Let $\theta$ be the angle between $\newcommand{v}{\mathbf v}\v_1$ and $\v_3.$ (This is also the angle between $\v_2$ and $\v_3.$)

Then the parallelogram with edges $\v_1$ and $\v_2$ is given by $\lVert \v_1\rVert \lVert \v_2\rVert \sin(2\theta),$ but is also given by the cross product $a_x b_y - b_x a_y,$ where the $(x,y)$ coordinates of $\v_1$ are $(a_x,a_y)$ and the $(x,y)$ coordinates of $\v_2$ are $(b_x,b_y).$ That is, $$ \lvert a_x b_y - b_x a_y \rvert = \lVert \v_1\rVert \lVert \v_2\rVert \sin(2\theta) = \lVert \v_1\rVert^2 \sin(2\theta) = \lVert \v_2\rVert^2 \sin(2\theta). $$

Also, the isoceles triangle with sides $\v_1,$ $\v_2,$ and $\v_2 - \v_1$ can be divided into two right triangles with angle $\theta$ and hypotenuse $\lVert \v_1\rVert = \lVert \v_2\rVert,$ and sides $\left\lVert \frac12(\v_2 - \v_1)\right\rVert$ and $\left\lVert \frac12(\v_1 + \v_2)\right\rVert,$ from which we find that $$\left\lVert \tfrac12(\v_2 - \v_1)\right\rVert = \lVert \v_1\rVert \sin\theta = \lVert \v_2\rVert \sin\theta$$ and $$\left\lVert \tfrac12(\v_1 + \v_2)\right\rVert = \lVert \v_1\rVert \cos\theta = \lVert \v_2\rVert \cos\theta.$$

We also have right triangles with hypotenuse $\lVert \v_3\rVert,$ angle $\theta,$ and adjacent leg $\lVert \v_1\rVert$ or $\lVert \v_1\rVert,$ so $$ \lVert \v_1\rVert = \lVert \v_2\rVert = \lVert \v_3\rVert \cos\theta. $$

So \begin{align} \left\lVert\frac{\lVert \v_1\rVert^2} {\lvert a_x b_y - b_x a_y\rvert} (\v_1 - \v_2)\right\rVert &= \frac{\lVert\v_2 - \v_1\rVert}{\sin(2\theta)} \\ &= \frac{\lVert\v_2 - \v_1\rVert}{2\sin\theta \cos\theta} \\ &= \frac{2\lVert\v_1\rVert\sin\theta}{2\sin\theta \cos\theta} \\ &= \frac{\lVert\v_1\rVert}{\cos\theta} \\ &= \lVert\v_3\rVert. \end{align}

This shows that $\v_4 = \frac{\lVert \v_1\rVert^2} {\lvert a_x b_y - b_x a_y\rvert} (\v_1 - \v_2)$ is a vector of the desired length, $\lVert\v_3\rVert.$ But $\v_4$ is in the direction of $\v_1 - \v_2,$ which is perpendicular to the direction of $\v_3.$ We therefore have to rotate $\v_4$ through a right angle.

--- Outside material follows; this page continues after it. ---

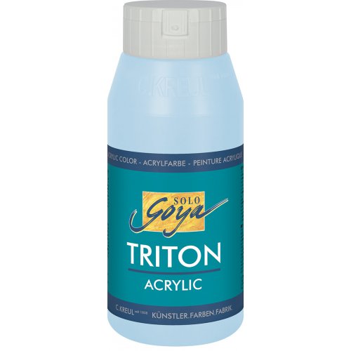 Akrylová barva TRITON SOLO GOYA 750 ml Je všestranná, velmi kvalitní akrylová barva ve studijní kvalitě. Je lehce roztíratelná, ideální pro umělecké akademie a školy. Tyto akrylové barvy perfektně doplňují akrylové fixy TRITON Kreul, které mají úplně stejné odstíny a jsou tedy výborné na malování kontur, které následně můžete vybarvit akrylovou barvou TRITON Solo Goya. Tento akrylový systém pak doplňují ještě akrylové inkousty TRITON Kreul, kterými můžete buď rovnou malovat nebo se jimi dají doplnit vybrané odstíny akrylových fixů TRITON Kreul. nebesky modrá – krycí a velmi světlostálá Akrylová barva TRITON Solo Goya je: vhodná na plátno, papír, dřevo, stěny, karton, kámen, kov, kůži a plasty. na vodní bázi vhodná i na velké plochy brilantní, dobře krycí vodou ředitelná barvy lze mezi sebou libovolně míchat a vytvářet tak další barevné odstíny rychleschnoucí, po zaschnutí matná vhodná pro vnitřní i venkovní použití po zaschnutí voděodolná fluorescenční barvy září pod černým světlem baleno v univerzální plastové láhvi vyrobeno v Německu

To do this rotation, we can start by finding the $x$ and $y$ coordinates of $\v_1 - \v_2,$ which are $a_x - b_x$ and $a_y - b_y,$ respectively, then replace the $x$ coordinate with the negation of the $y$ coordinate and the $y$ coordinate with the $x$ coordinate. So we now have a vector with coordinates $(b_y - a_y, a_x - b_x).$ If we then multiply each of these coordinates by $\frac{\lVert \v_1\rVert^2}{a_x b_y - b_x a_y} = \frac{a_x^2 + a_y^2}{a_x b_y - b_x a_y},$ we end up with either $\v_3$ or $-\v_3,$ depending on the sign of $a_x b_y - b_x a_y$ and on whether we rotated in the correct direction. But this gives us exactly the same result as an earlier answer, confirming that that answer is correct up to a possible sign change. We have only to check the answer with suitable test values such as $a_x = b_y = 1,$ $a_y = b_x = 0$ to find that the sign is correct and therefore the answer is correct.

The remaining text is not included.